Évaluation de réticulum sarcoplasmique Calcium réserve et intracellulaires de Calcium diastolique enlèvement dans les Cardiomyocytes ventriculaires isolées
Summary
Recyclage de calcium intracellulaire joue un rôle essentiel dans la régulation de la fonction systolique et diastolique dans les cardiomyocytes. Nous décrivons ici un protocole pour évaluer le réticulum sarcoplasmique Ca2 + réserve et fonction de suppression de calcium diastolique dans les cardiomyocytes en un système d’imagerie de calcium.
Abstract
Recyclage de calcium intracellulaire joue un rôle essentiel dans la régulation de la fonction systolique et diastolique dans les cardiomyocytes. Réticulum sarcoplasmique cardiaque (SR) sert d’un Ca2 + réservoir de contraction, qui reuptakes intracellulaire Ca2 + lors du relâchement. La SR Ca2 + réserve disponible pour bat est déterminée pour la contractilité cardiaque, et la suppression du Ca intracellulaire2 + est critique pour la fonction cardiaque diastolique. Dans certaines conditions physiopathologiques, comme le diabète et l’insuffisance cardiaque, le dégagement de calcium ayant une déficience et SR Ca2 + store dans les cardiomyocytes peuvent être impliqués dans la progression du dysfonctionnement cardiaque. Nous décrivons ici un protocole pour évaluer SRCa2 + réserve et diastolique Ca2 + suppression. En bref, un cardiomyocyte unique a été isolée par voie enzymatique, et la fluorescence2 + Ca intracellulaire indiquée par Fura-2 a été enregistrée par un système d’imagerie calcique. Pour utiliser une caféine pour induire la libération totale de SR Ca2 + , nous prédéfinir un assorties de perfusion automatique interconnexion la stimulation et le système de perfusion. Ensuite, l’ajustement de la courbe exponentielle mono a été utilisé pour analyser les constantes de temps de désintégration des transitoires de calcium et des légumineuses de calcium induit par la caféine. En conséquence, la contribution de la SR Ca2 +-ATPase (SERCA) et Na+-Ca2 + échangeur (NCX) à l’élimination du calcium diastolique a été évaluée.
Introduction
Calcium intracellulaire ([Ca2 +]i) recyclage joue un rôle essentiel dans la régulation de la fonction systolique et diastolique dans les cardiomyocytes1. Comme nous le savons, la calcium Ca2 + libération induite initie l’excitation-contraction de couplage, qui traduisent le signal électrique à la contraction. Dépolarisation de la membrane active le sarcolemme Ca L-type canaux2 + , qui induisent la Ca2 + libèrent de SR dans le cytoplasme par l’intermédiaire de récepteurs de la ryanodine (RyR2) de 2. Les transitoires élevées cytoplasmique Ca2 + initie la contraction des myofibrilles. Au cours de la diastole, cytoplasmique Ca2 + est reuptaken dans la SR au moyen de la SR Ca2 +-ATPase 2 (SERCA2) et pompé hors du cardiomyocyte via la Na+-Ca2 + échangeur (NCX)2. Ce processus conduit à la contraction-relaxation recyclage dans le cardiomyocyte.
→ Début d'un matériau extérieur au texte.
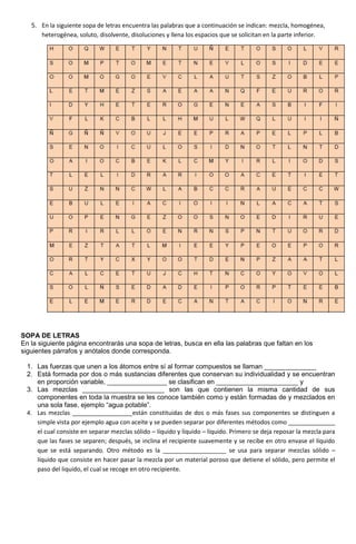 Este documento presenta un trabajo sobre mezclas químicas para el 9° grado. Contiene 9 preguntas que evalúan conceptos como mezclas homogéneas, heterogéneas, solubilidad, y ejemplos de cada tipo de mezcla. Los estudiantes deben completar actividades como mapas conceptuales, identificar ejemplos, y determinar si enunciados son verdaderos o falsos. El objetivo es que los estudiantes comprendan la diferencia entre mezclas homogéneas y heterogéneas.

Le SR cardiaque est un réseau de membrane intracellulaire qui entoure la machinerie contractile. Il sert un Ca2 + réservoir pour contraction et il réabsorbe intracellulaire Ca2 + lors du relâchement. La SR Ca2 + réserve disponible pour bat est déterminée pour la contractilité cardiaque. Pendant ce temps, la suppression du Ca intracellulaire2 + est critique pour la diastole cardiaque. Sous certaines conditions physiopathologiques, comme le diabète et une insuffisance cardiaque, ayant une déficience Ca2 + dégagement et déprimé SR Ca2 + magasin dans les cardiomyocytes peut être impliqué dans le processus de la dysfonction cardiaque2,3 ,4.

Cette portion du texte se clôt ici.